Trainer Hitzfeld reagiert sofort und bringt mit Jancker und Scholl für Jeremies sowie Effenberg zwei frische Offensivkräfte (64.), um drei Minuten später auch noch Zickler für Verteidiger Sagnol einzuwechseln. Doch das Spiel des Vorjahresmeisters wird immer konfuser, die Spieler verbringen viel Zeit damit, sich gegenseitig anzupflaumen, während die Adler sich heimlich ins Fäustchen lachen: "Wir wussten, dass wir mehr Kraft haben als die Bayern. Die kochen doch auch nur mit Wasser", meint etwa der heute bärenstarke Horst Heldt. So sind es Einzelaktionen, die für Gefahr sorgen, wie in der 68. Spielminute, als sich Elber in einem Verzweiflungsdribbeling gegen drei Frankfurter durchsetzt, mit seinem Flachschuss jedoch an Heinen scheitert. Auf den Punkt bringt es Oliver Kahn: "Nach dem Gegentor sind wir zusammengebrochen. Man hatte einfach nicht das Gefühl, dass wir noch gewinnen können."

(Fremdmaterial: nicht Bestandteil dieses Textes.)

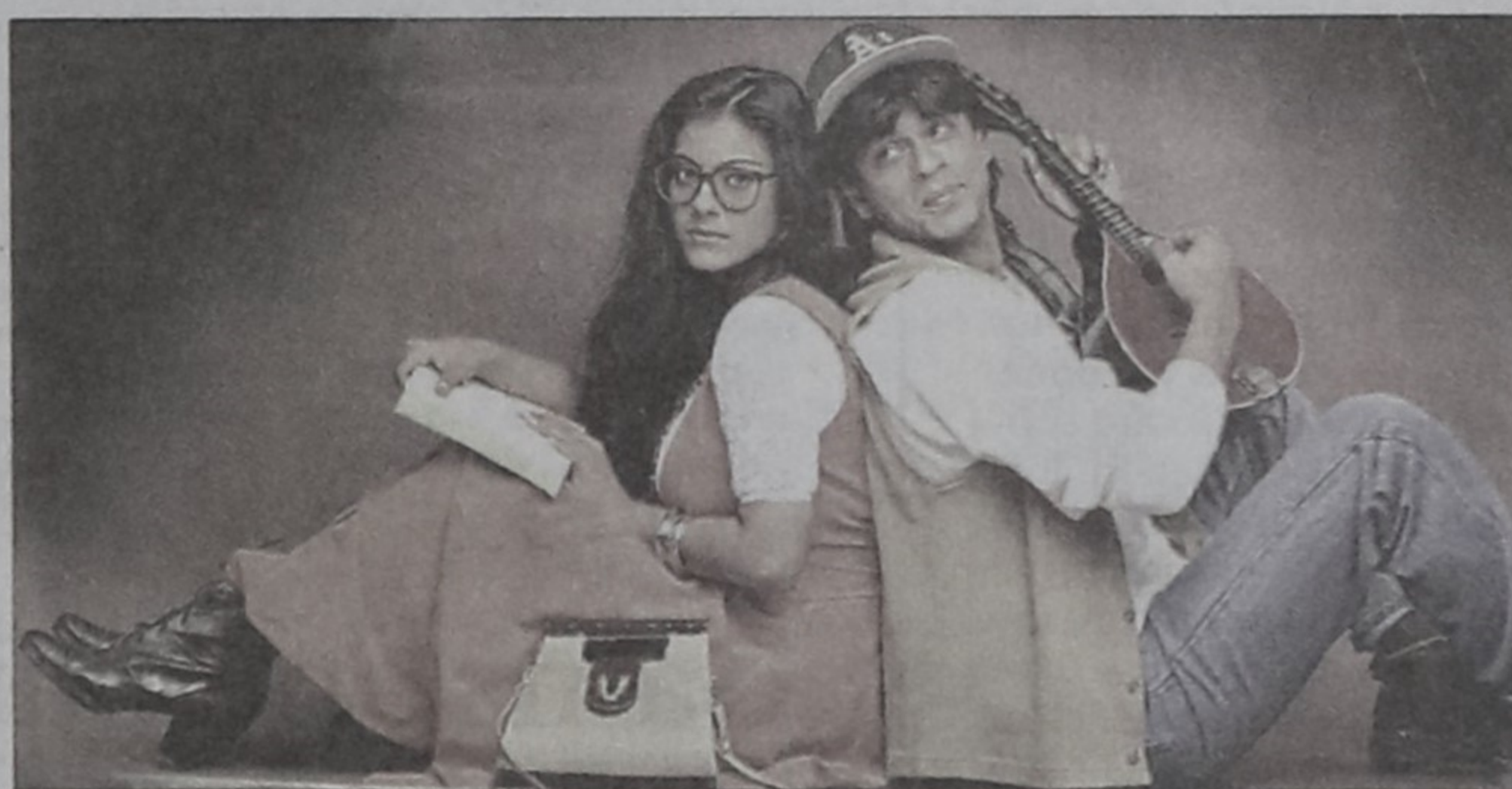
Kajol and Shah Rukh will be seen together after several years in "My Name is Khan."

The most controversial movie of Karan Johar titled "My Name is Khan" is almost complete but the director had to face many ups and downs during the shooting. Visa problems for the Muslim cast, music rights sharing
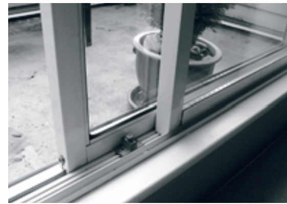
Your windows and doors should operate smoothly and lock securely.

Residents can carry out a few basic inspection and maintenance tasks on the interior side only, such as cleaning the sills, frames, door surfaces or glass. Beyond this, however, residents should report symptoms of potential problems or maintenance concerns to the building manager. Specific inspection and maintenance items will depend on the type of windows and exterior doors that you have. Ensure that any maintenance guides for your building are referenced and closely followed, as well as any information provided by the window or door manufacturer. A checklist of common window and door maintenance items is described in more detail on page 3.
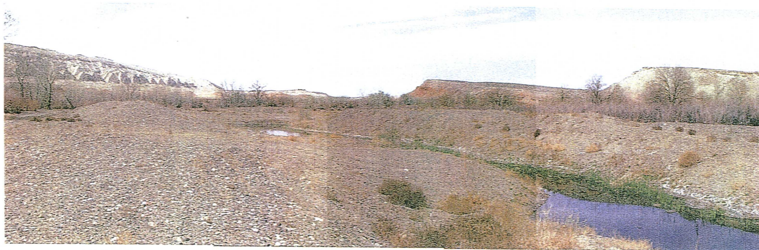
Photo 5: Panoramic of smaller pit area to the north looking north.

Permit Number: 813ET Status: Abandoned Pit Former Operator: Nicholls & Lewis Date of Photo: April 16, 2004
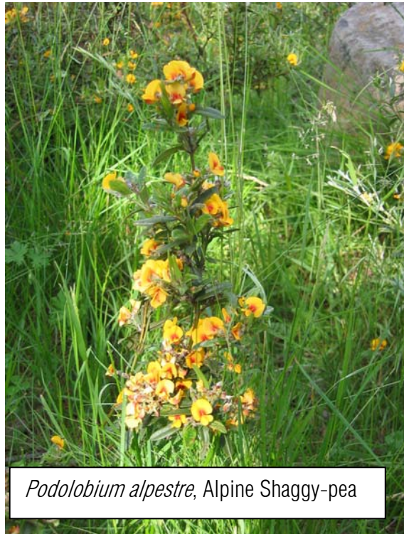
Podolobium alpestre , Alpine Shaggy-pea

The alpine zone is loosely defined as being the area above the physiological limit of tree growth. The alpine zone is subject to heavy, persistent blanketing with snow for extended periods of time. The sub-alpine zone is characterized by the presence of Snow Gums, but also experiences persistent snow throughout winter. These two zones, often referred to as 'snow-country', comprise about 11,500 square kilometres, or 0.15% of the Australian landmass.
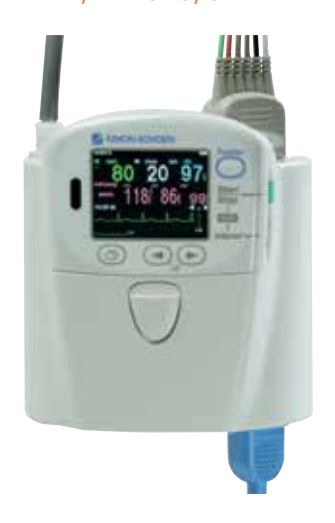
Monitors ECG (3 or 6 lead), respiration, continuous SpO<sub>2</sub>, and NIBP

Battery life: 24 hours with NIBP at 1 hour intervals
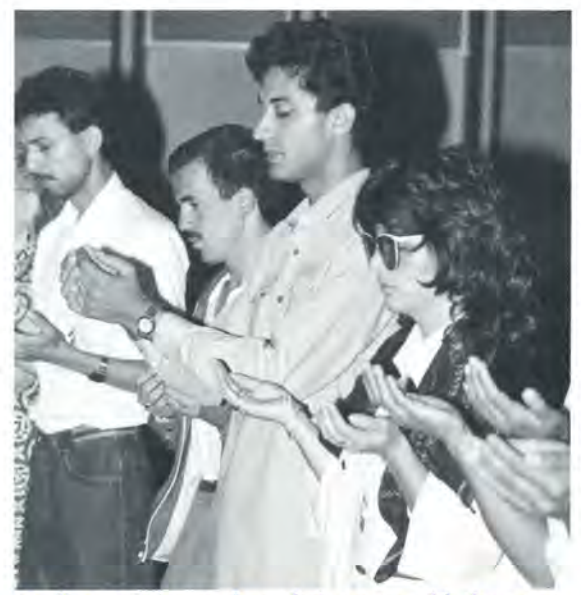
Muslim participants share their prayer with the group.

t is amazing how God finds a way to remind me of the poor in my country. I thought that for a while it would be okay to forget the work that I do back home in the Philippines and to have some time to be a little "selfish." But once touched, I guess one remains attached to whatever it is that has given one meaning through all of his/her life. Almost always this project makes me sensitive to the deep interrelationship we have with each other and with everything. Sometimes the effect is simply overwhelming. It becomes a profound truth that indeed human beings are human beings wherever they may

In der Tat, weder die Eintracht noch Schiedsrichter Steinborn lassen sich, so das kicker-Sportmagazin, von den "Münchner Schauspieleinlagen nach angeblichen Fouls - speziell in der Schlussphase – beeindrucken", so dass die Eintracht völlig verdient ihre ersten drei Auswärtspunkte holt. Nicht nur der Sieg, auch ein Blick auf die Tabelle lässt einen strahlen. Mit 20 Punkten liegen die Adler auf Rang 5, einen Platz hinter den Bayern, die 22 Zähler haben. Wer kann da schon ahnen, dass die nächsten Punkte erst wieder am 20. Spieltag geholt werden …


Stimmen zum Spiel

Felix Magath: "Unverhofft kommt oft. Ich war vorher der Meinung, dass wir hier wenig erben können. Durch den Ausgleich wurde ich überrascht. In der zweiten Halbzeit sind wir aggressiver zu Werke gegangen und haben nicht ganz unverdient gewonnen."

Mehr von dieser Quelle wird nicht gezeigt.